Question

How do you find the power series for `f(x)=xln(1+2x)` and determine its radius of convergence?

Answer 1

The power series is `sum_(n=0)^oo((-1)^n2^(n+1))/(n+1)x^(n+2)`, its radius of convergence is `R=1/2`.

Explanation:

Start with a basic power series:

`1/(1-x)=sum_(n=0)^oox^n`

Replace `x` with `-2x`:

`1/(1-(-2x))=sum_(n=0)^oo(-2x)^n`

`1/(1+2x)=sum_(n=0)^oo(-1)^n2^nx^n`

Integrate both sides. In the series, we integrate just the part with `x`.

`intdx/(1+2x)=sum_(n=0)^oo(-1)^n2^nintx^ndx`

`1/2ln(1+2x)=C+sum_(n=0)^oo(-1)^n2^nx^(n+1)/(n+1)`

Don't forget the `1//2` in the integral.
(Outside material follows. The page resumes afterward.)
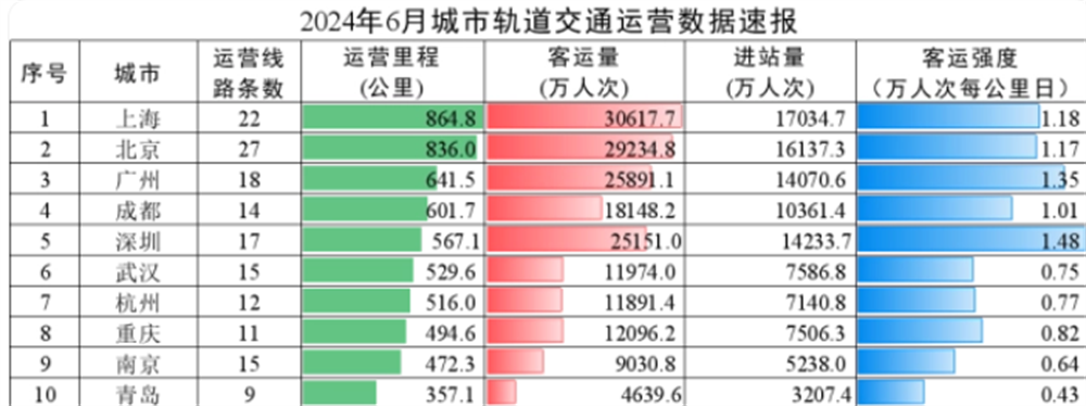 近日,中国交通运输部发布2024年6月城市轨交运营里程数据,成都,仍稳坐全国“第四城”的位置,与广州共居轨交600公里的赛道之中。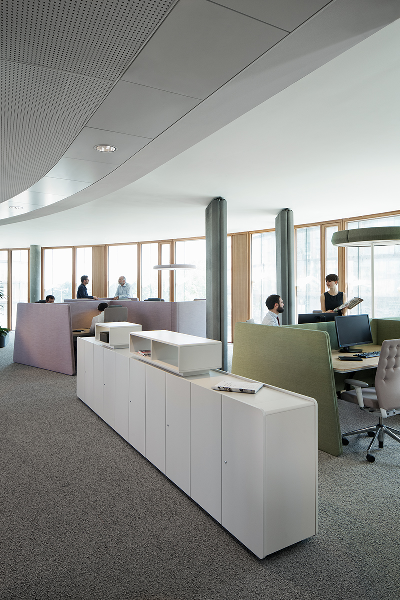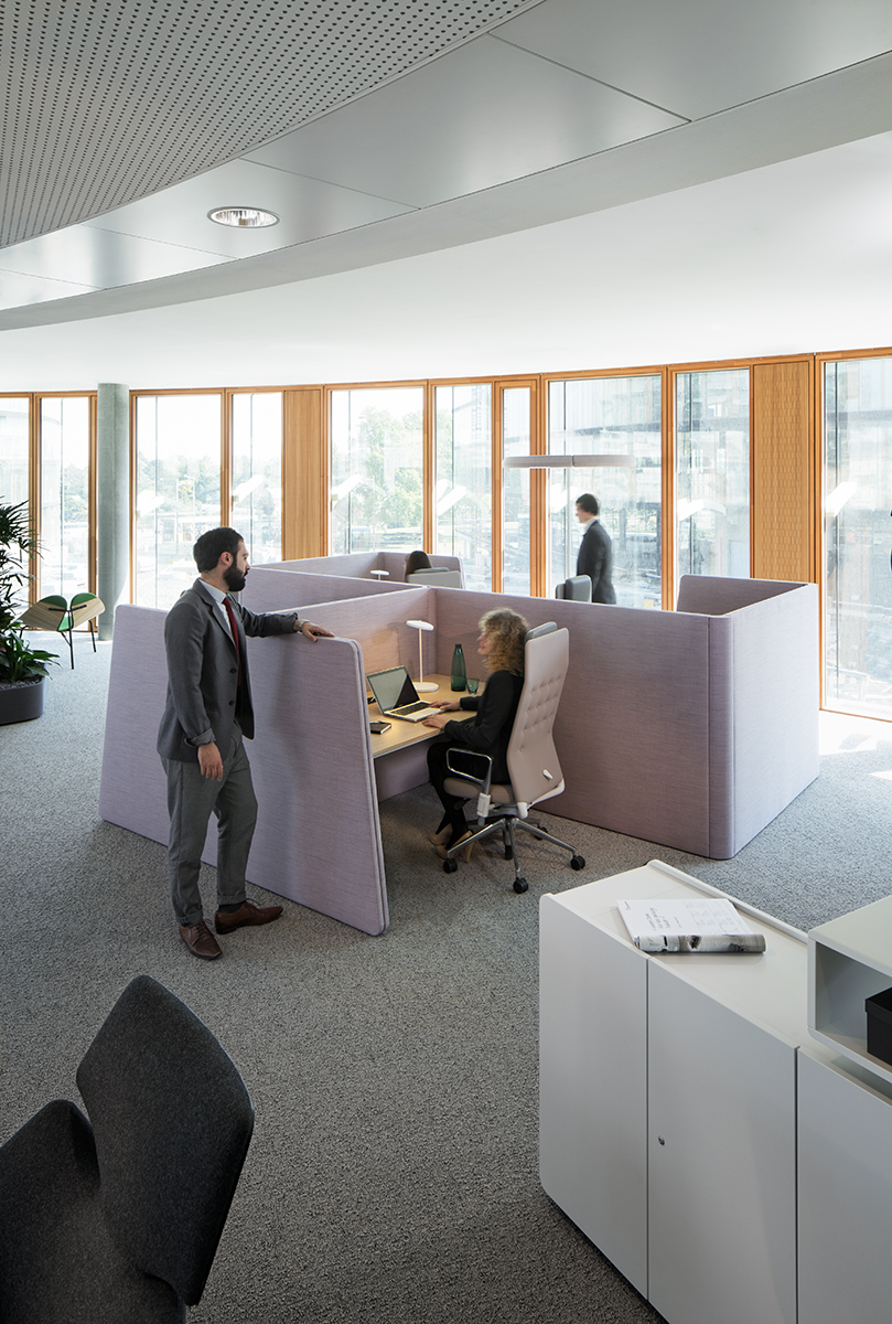 Mit Details wie eigens für den Campus entworfenen Leuchten, Raumteiler oder Akustik-Regalen beweist Kinzo auch in der Größe ein Gespür für Form und Funktion.

Absolute value bars aren't needed for `ln(1+2x)` since we're only working in `x>=0`.

Add a constant of integration. Fortunately, letting `x=0` shows that `C=0`, so this isn't really an issue.

The next step to reaching the "goal function" of `xln(1+2x)`. To do this, multiply both sides by `2x`.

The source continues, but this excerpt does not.